[[ Material for this exercise open ]]

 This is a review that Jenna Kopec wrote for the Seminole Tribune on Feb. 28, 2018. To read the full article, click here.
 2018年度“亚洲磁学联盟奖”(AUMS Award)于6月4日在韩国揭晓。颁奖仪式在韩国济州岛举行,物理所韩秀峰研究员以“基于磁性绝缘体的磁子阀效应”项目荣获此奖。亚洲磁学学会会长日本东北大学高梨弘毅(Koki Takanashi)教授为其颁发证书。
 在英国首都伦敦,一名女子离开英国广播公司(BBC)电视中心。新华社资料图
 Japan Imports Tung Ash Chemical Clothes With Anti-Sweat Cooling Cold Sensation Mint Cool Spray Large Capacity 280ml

[[ Material for this exercise closed ]]
[[ Material for this exercise open ]]

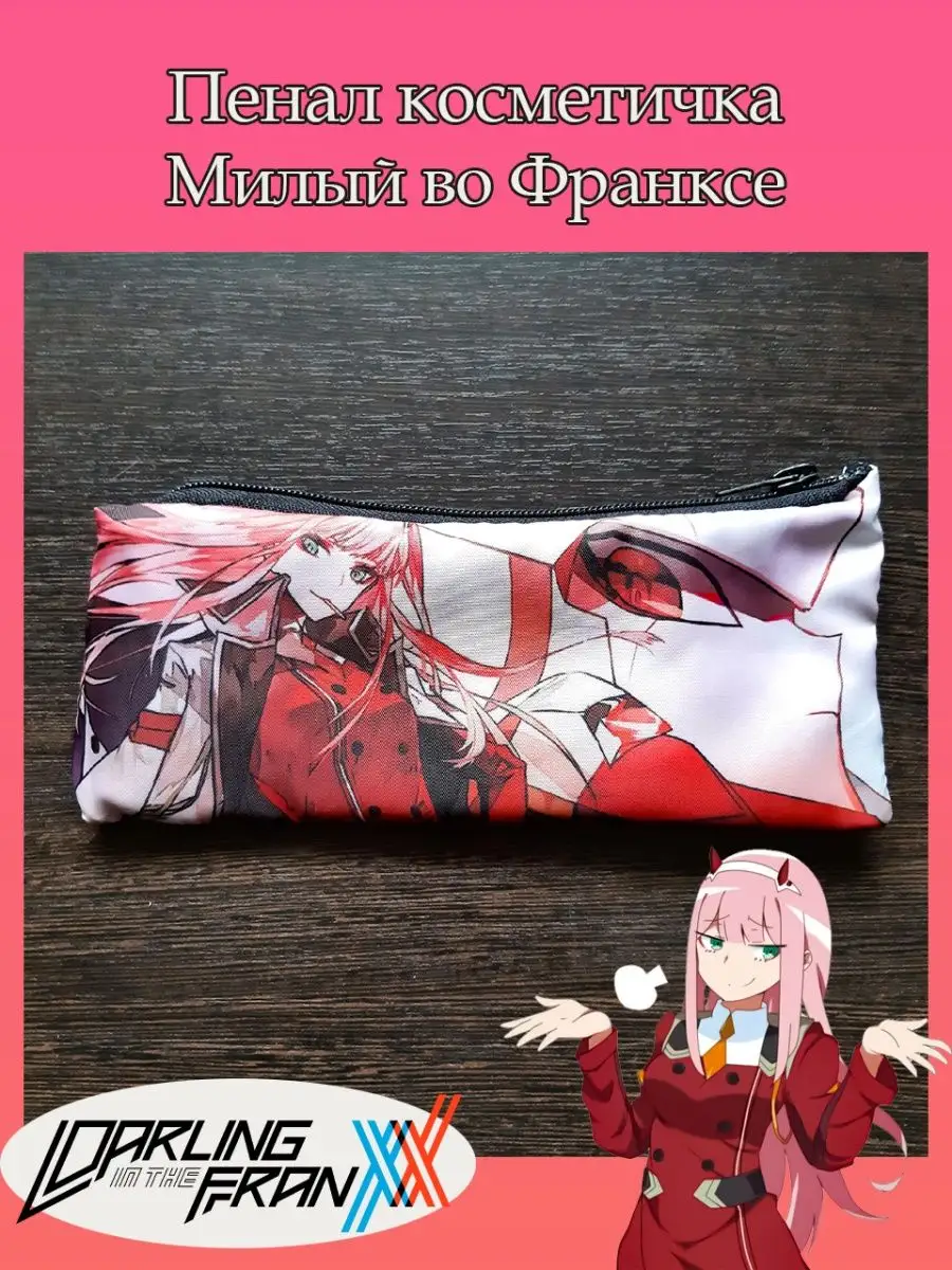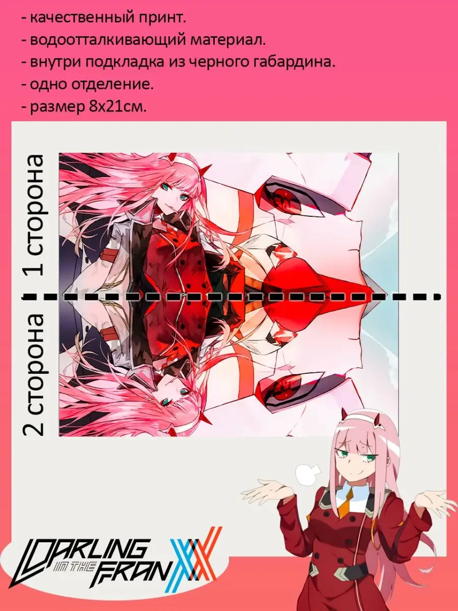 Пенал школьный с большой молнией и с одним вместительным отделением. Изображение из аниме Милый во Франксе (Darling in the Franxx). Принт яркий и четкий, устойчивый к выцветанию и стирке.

[[ Material for this exercise closed ]]

• [Prompt] Working from the data above, extract solely the lines from the one containing "This is a review" through the one containing "Japan Imports Tung", exactly as they appear, both included.

• [Result below]
 This is a review that Jenna Kopec wrote for the Seminole Tribune on Feb. 28, 2018. To read the full article, click here.
 2018年度“亚洲磁学联盟奖”(AUMS Award)于6月4日在韩国揭晓。颁奖仪式在韩国济州岛举行,物理所韩秀峰研究员以“基于磁性绝缘体的磁子阀效应”项目荣获此奖。亚洲磁学学会会长日本东北大学高梨弘毅(Koki Takanashi)教授为其颁发证书。
 在英国首都伦敦,一名女子离开英国广播公司(BBC)电视中心。新华社资料图
 Japan Imports Tung Ash Chemical Clothes With Anti-Sweat Cooling Cold Sensation Mint Cool Spray Large Capacity 280ml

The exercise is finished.